(Data for analysis)
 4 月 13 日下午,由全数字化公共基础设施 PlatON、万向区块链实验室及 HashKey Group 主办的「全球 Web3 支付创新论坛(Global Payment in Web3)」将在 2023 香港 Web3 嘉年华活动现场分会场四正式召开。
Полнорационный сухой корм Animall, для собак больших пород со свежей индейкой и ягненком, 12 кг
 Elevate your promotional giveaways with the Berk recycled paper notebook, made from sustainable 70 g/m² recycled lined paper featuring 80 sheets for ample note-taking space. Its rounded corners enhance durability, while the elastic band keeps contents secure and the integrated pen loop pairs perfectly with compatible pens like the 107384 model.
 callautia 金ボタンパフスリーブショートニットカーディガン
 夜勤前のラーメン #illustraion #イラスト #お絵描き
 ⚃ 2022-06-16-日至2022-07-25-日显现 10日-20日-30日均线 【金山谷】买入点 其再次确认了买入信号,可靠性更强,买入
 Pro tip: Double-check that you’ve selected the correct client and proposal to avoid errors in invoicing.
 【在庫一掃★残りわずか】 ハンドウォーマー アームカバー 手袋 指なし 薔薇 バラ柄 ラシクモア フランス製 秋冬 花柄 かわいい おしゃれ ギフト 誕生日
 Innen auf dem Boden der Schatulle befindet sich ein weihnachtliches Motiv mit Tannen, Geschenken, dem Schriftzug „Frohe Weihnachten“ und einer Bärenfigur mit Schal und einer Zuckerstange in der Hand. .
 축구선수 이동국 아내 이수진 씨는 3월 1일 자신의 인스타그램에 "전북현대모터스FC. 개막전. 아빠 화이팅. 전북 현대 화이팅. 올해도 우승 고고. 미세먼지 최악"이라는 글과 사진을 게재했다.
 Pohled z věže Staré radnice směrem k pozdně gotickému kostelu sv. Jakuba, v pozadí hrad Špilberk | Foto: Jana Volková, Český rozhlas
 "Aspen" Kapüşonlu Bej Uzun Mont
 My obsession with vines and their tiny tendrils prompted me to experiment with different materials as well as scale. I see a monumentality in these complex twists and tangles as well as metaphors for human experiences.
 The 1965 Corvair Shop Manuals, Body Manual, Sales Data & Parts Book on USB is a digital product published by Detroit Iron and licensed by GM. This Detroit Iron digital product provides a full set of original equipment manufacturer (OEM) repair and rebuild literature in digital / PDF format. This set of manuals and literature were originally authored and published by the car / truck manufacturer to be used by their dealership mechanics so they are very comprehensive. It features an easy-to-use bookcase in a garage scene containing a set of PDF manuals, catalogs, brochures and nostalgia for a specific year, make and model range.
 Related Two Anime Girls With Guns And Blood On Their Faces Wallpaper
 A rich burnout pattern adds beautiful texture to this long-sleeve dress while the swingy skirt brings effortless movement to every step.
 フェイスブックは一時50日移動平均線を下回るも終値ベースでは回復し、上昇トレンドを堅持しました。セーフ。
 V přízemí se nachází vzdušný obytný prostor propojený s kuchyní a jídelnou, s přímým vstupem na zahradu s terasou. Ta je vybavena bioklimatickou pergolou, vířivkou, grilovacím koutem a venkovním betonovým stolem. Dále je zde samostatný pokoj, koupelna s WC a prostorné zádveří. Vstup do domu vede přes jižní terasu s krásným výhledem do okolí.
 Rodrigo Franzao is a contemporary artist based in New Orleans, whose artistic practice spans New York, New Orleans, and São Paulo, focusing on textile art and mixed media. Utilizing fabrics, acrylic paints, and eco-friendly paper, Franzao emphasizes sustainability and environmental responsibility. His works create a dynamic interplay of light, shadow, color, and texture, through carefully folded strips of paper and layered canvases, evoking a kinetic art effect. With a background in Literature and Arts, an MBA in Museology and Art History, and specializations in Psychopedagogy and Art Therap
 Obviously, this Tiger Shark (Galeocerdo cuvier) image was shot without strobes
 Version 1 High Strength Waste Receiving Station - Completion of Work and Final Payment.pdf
(End Data for analysis)
Required action: Reproduce exactly every line that sits between the start of the entries and the line bearing "おしゃれ ギフト 誕生日", counting both of those lines.

Exercise solution:
 4 月 13 日下午,由全数字化公共基础设施 PlatON、万向区块链实验室及 HashKey Group 主办的「全球 Web3 支付创新论坛(Global Payment in Web3)」将在 2023 香港 Web3 嘉年华活动现场分会场四正式召开。
Полнорационный сухой корм Animall, для собак больших пород со свежей индейкой и ягненком, 12 кг
 Elevate your promotional giveaways with the Berk recycled paper notebook, made from sustainable 70 g/m² recycled lined paper featuring 80 sheets for ample note-taking space. Its rounded corners enhance durability, while the elastic band keeps contents secure and the integrated pen loop pairs perfectly with compatible pens like the 107384 model.
 callautia 金ボタンパフスリーブショートニットカーディガン
 夜勤前のラーメン #illustraion #イラスト #お絵描き
 ⚃ 2022-06-16-日至2022-07-25-日显现 10日-20日-30日均线 【金山谷】买入点 其再次确认了买入信号,可靠性更强,买入
 Pro tip: Double-check that you’ve selected the correct client and proposal to avoid errors in invoicing.
 【在庫一掃★残りわずか】 ハンドウォーマー アームカバー 手袋 指なし 薔薇 バラ柄 ラシクモア フランス製 秋冬 花柄 かわいい おしゃれ ギフト 誕生日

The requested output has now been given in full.